The Story of the Living Dead - A Black and White Story

 

On the damp land, the leeches have outnumbered the rice grains. The rice plants are entwined by scores of creeping weeds. Untouched by the sunshine, the ground is damp from deep down. In the scorching heat of Aghon, a tinge of warmth creeping into the land is not unnatural. A cold wave sends a shill down the bodies of the reapers. To make matters worse, there are the leeches. With the fear of the leeches at the back of the mind, both reap the harvest. As they reap, they look sideways.

A leech creeps all the way up to the calf of Koli like a pole measuring the length of ground. She feels a tickling sensation in her body. She searches and jumps---Oh! devoured!!

The shriek sends the same tickling sensation down the body of Dituloni who has been engrossed in reaping only a few yards away. Her fear doubles up ending in a cry: “Mandal! Mandal!”

Koli lifts up her clothes hesitatingly to look at her dry calf. The leech advances raising its trunk forward. Ohh! Hell! Hell! She cries out to Dituloni pleading: “Remove it. Remove it.”

Dituloni is busy searching her calf lifting up her bottom wear. Is there a leech on her body too like the trunk of an elephant! No. Relief.

Till then Koli’s cry pierced the heaven—“Remove! Remove!”
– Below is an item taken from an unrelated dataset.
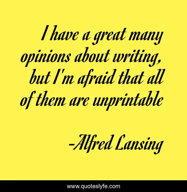 This page presents the quote "I have a great many opinions about writing, but I'm afraid that all of them are unprintable". Author of this quote is Alfred Lansing. This quote is about writing, writing-humor, writing-life, writing-advice,.

Now only Dituloni comes forward with the kachi in her hand. Koli lifts her clothes a notch up. Pouncing upon an opportunity, Dituloni places the kachi in front of the trunk raising leech’s mouth. The leech creeps up the kachi and she drops it out of fear. Down on ground the leech moves in another direction.

A drop of blood oozes out of Koli’s calf. She turns her head away. Cannot see blood—she would have giddiness. Dituloni takes out of her hachoti on her waist the lime-pot and rubbing a pinch of lime over the drop of blood gently she lays a paste of medicinal leaf there. Then only they look at each other.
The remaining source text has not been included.